AVAILABLE DATA:
┏━━
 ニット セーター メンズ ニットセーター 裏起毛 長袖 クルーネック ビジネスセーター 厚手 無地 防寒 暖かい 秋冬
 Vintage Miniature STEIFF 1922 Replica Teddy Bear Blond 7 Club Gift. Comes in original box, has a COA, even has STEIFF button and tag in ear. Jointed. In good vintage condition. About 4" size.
┗━━
┏━━
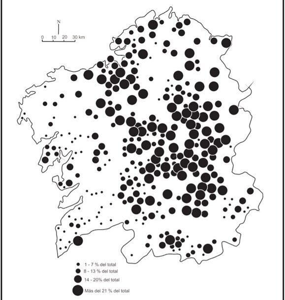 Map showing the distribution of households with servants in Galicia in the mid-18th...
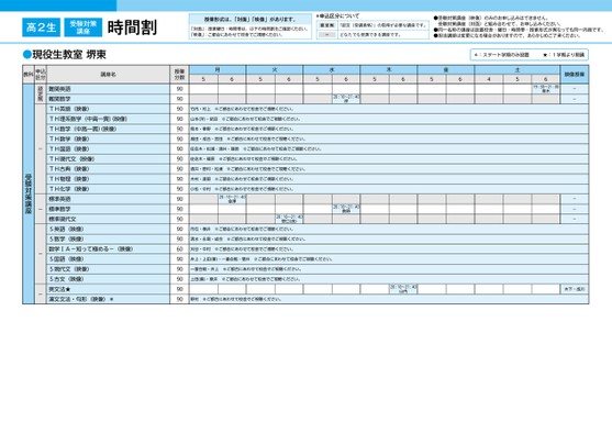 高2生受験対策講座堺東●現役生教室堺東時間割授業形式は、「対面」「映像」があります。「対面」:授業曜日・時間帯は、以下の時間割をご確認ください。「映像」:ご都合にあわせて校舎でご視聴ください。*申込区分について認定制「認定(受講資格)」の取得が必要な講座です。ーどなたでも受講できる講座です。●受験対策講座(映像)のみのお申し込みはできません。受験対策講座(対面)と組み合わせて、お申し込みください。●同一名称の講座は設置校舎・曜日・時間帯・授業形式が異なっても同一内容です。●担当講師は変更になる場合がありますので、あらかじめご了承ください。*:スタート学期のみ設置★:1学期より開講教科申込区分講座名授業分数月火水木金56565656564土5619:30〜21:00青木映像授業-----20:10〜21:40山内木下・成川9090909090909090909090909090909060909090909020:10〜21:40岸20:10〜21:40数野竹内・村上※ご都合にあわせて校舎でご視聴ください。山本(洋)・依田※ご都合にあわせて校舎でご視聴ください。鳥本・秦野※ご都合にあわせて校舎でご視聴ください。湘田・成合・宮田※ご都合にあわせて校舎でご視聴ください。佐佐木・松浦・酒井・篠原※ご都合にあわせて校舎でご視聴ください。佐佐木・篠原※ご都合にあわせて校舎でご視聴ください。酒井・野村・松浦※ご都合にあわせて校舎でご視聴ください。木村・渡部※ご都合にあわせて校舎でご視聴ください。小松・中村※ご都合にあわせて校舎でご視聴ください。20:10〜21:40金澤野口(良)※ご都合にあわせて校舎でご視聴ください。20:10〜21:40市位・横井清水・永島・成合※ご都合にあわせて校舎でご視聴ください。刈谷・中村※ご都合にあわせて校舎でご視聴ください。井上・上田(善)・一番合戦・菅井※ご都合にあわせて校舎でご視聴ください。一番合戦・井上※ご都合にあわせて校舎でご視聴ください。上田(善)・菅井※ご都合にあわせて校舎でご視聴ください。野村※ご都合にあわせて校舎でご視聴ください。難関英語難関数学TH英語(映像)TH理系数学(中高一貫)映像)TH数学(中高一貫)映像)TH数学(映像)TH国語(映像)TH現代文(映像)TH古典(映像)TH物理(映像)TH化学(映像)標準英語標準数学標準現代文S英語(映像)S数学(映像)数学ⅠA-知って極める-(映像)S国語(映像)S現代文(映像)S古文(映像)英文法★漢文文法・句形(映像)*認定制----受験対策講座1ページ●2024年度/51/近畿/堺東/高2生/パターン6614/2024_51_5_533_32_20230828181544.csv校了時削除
┗━━
ASSIGNMENT:
All that should appear in the answer is the lines above from the line with "Map showing the" through the line with "高2生受験対策講座堺東●現役", retyped exactly, pictures left out.

TASK OUTPUT:
 Map showing the distribution of households with servants in Galicia in the mid-18th...
 高2生受験対策講座堺東●現役生教室堺東時間割授業形式は、「対面」「映像」があります。「対面」:授業曜日・時間帯は、以下の時間割をご確認ください。「映像」:ご都合にあわせて校舎でご視聴ください。*申込区分について認定制「認定(受講資格)」の取得が必要な講座です。ーどなたでも受講できる講座です。●受験対策講座(映像)のみのお申し込みはできません。受験対策講座(対面)と組み合わせて、お申し込みください。●同一名称の講座は設置校舎・曜日・時間帯・授業形式が異なっても同一内容です。●担当講師は変更になる場合がありますので、あらかじめご了承ください。*:スタート学期のみ設置★:1学期より開講教科申込区分講座名授業分数月火水木金56565656564土5619:30〜21:00青木映像授業-----20:10〜21:40山内木下・成川9090909090909090909090909090909060909090909020:10〜21:40岸20:10〜21:40数野竹内・村上※ご都合にあわせて校舎でご視聴ください。山本(洋)・依田※ご都合にあわせて校舎でご視聴ください。鳥本・秦野※ご都合にあわせて校舎でご視聴ください。湘田・成合・宮田※ご都合にあわせて校舎でご視聴ください。佐佐木・松浦・酒井・篠原※ご都合にあわせて校舎でご視聴ください。佐佐木・篠原※ご都合にあわせて校舎でご視聴ください。酒井・野村・松浦※ご都合にあわせて校舎でご視聴ください。木村・渡部※ご都合にあわせて校舎でご視聴ください。小松・中村※ご都合にあわせて校舎でご視聴ください。20:10〜21:40金澤野口(良)※ご都合にあわせて校舎でご視聴ください。20:10〜21:40市位・横井清水・永島・成合※ご都合にあわせて校舎でご視聴ください。刈谷・中村※ご都合にあわせて校舎でご視聴ください。井上・上田(善)・一番合戦・菅井※ご都合にあわせて校舎でご視聴ください。一番合戦・井上※ご都合にあわせて校舎でご視聴ください。上田(善)・菅井※ご都合にあわせて校舎でご視聴ください。野村※ご都合にあわせて校舎でご視聴ください。難関英語難関数学TH英語(映像)TH理系数学(中高一貫)映像)TH数学(中高一貫)映像)TH数学(映像)TH国語(映像)TH現代文(映像)TH古典(映像)TH物理(映像)TH化学(映像)標準英語標準数学標準現代文S英語(映像)S数学(映像)数学ⅠA-知って極める-(映像)S国語(映像)S現代文(映像)S古文(映像)英文法★漢文文法・句形(映像)*認定制----受験対策講座1ページ●2024年度/51/近畿/堺東/高2生/パターン6614/2024_51_5_533_32_20230828181544.csv校了時削除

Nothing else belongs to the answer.